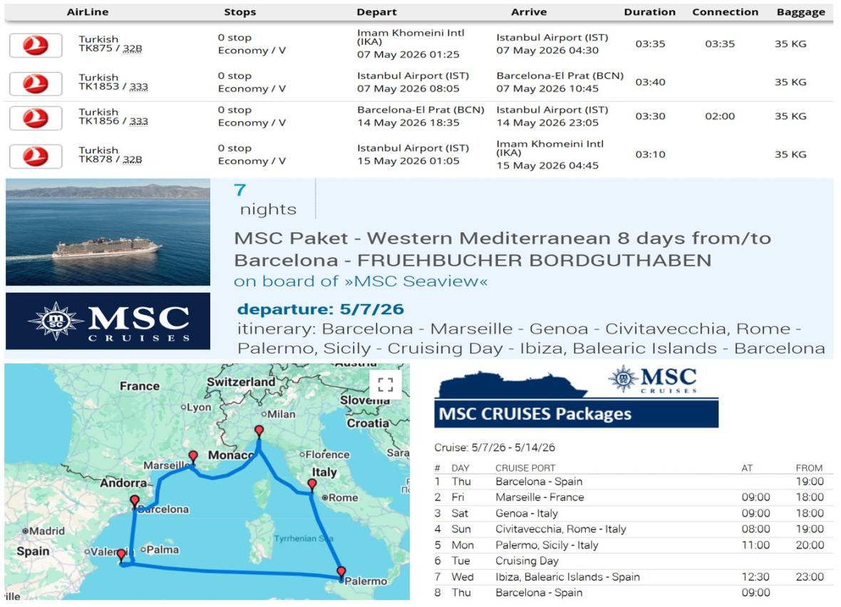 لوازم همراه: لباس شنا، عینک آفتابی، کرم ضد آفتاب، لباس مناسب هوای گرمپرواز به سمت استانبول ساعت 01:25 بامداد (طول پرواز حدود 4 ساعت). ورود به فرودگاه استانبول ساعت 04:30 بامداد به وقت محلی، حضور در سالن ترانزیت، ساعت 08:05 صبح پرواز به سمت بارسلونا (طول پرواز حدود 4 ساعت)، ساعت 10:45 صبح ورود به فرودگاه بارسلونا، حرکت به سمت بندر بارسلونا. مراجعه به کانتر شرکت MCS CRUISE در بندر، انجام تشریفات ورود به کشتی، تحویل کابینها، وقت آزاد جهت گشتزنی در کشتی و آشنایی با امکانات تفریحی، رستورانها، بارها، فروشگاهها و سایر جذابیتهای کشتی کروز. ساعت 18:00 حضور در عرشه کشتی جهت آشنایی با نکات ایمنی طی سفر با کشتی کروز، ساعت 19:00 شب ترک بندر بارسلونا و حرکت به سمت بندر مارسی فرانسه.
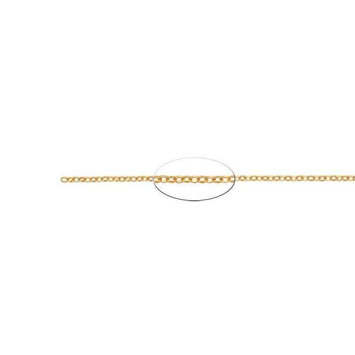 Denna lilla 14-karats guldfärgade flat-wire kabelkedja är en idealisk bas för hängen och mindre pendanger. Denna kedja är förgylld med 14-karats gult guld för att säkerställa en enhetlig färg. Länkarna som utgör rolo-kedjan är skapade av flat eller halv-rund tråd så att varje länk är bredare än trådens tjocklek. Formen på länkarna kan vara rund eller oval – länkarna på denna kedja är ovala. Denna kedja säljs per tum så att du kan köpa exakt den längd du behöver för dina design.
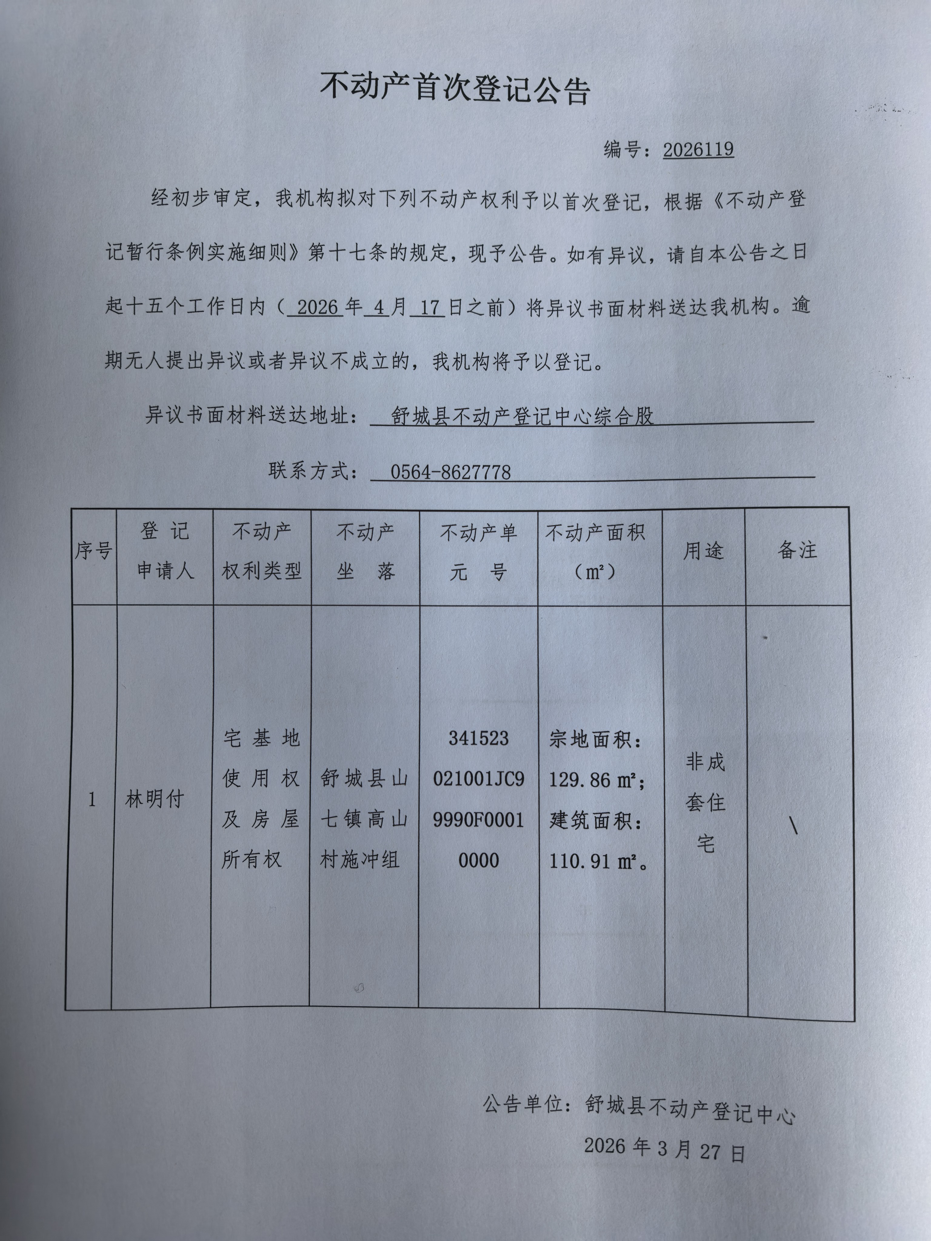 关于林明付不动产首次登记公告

----------

*Task details*
Please write out all of the material above without changing a word, and omit any pictures.

*Task answer*
 لوازم همراه: لباس شنا، عینک آفتابی، کرم ضد آفتاب، لباس مناسب هوای گرمپرواز به سمت استانبول ساعت 01:25 بامداد (طول پرواز حدود 4 ساعت). ورود به فرودگاه استانبول ساعت 04:30 بامداد به وقت محلی، حضور در سالن ترانزیت، ساعت 08:05 صبح پرواز به سمت بارسلونا (طول پرواز حدود 4 ساعت)، ساعت 10:45 صبح ورود به فرودگاه بارسلونا، حرکت به سمت بندر بارسلونا. مراجعه به کانتر شرکت MCS CRUISE در بندر، انجام تشریفات ورود به کشتی، تحویل کابینها، وقت آزاد جهت گشتزنی در کشتی و آشنایی با امکانات تفریحی، رستورانها، بارها، فروشگاهها و سایر جذابیتهای کشتی کروز. ساعت 18:00 حضور در عرشه کشتی جهت آشنایی با نکات ایمنی طی سفر با کشتی کروز، ساعت 19:00 شب ترک بندر بارسلونا و حرکت به سمت بندر مارسی فرانسه.
 Denna lilla 14-karats guldfärgade flat-wire kabelkedja är en idealisk bas för hängen och mindre pendanger. Denna kedja är förgylld med 14-karats gult guld för att säkerställa en enhetlig färg. Länkarna som utgör rolo-kedjan är skapade av flat eller halv-rund tråd så att varje länk är bredare än trådens tjocklek. Formen på länkarna kan vara rund eller oval – länkarna på denna kedja är ovala. Denna kedja säljs per tum så att du kan köpa exakt den längd du behöver för dina design.
 关于林明付不动产首次登记公告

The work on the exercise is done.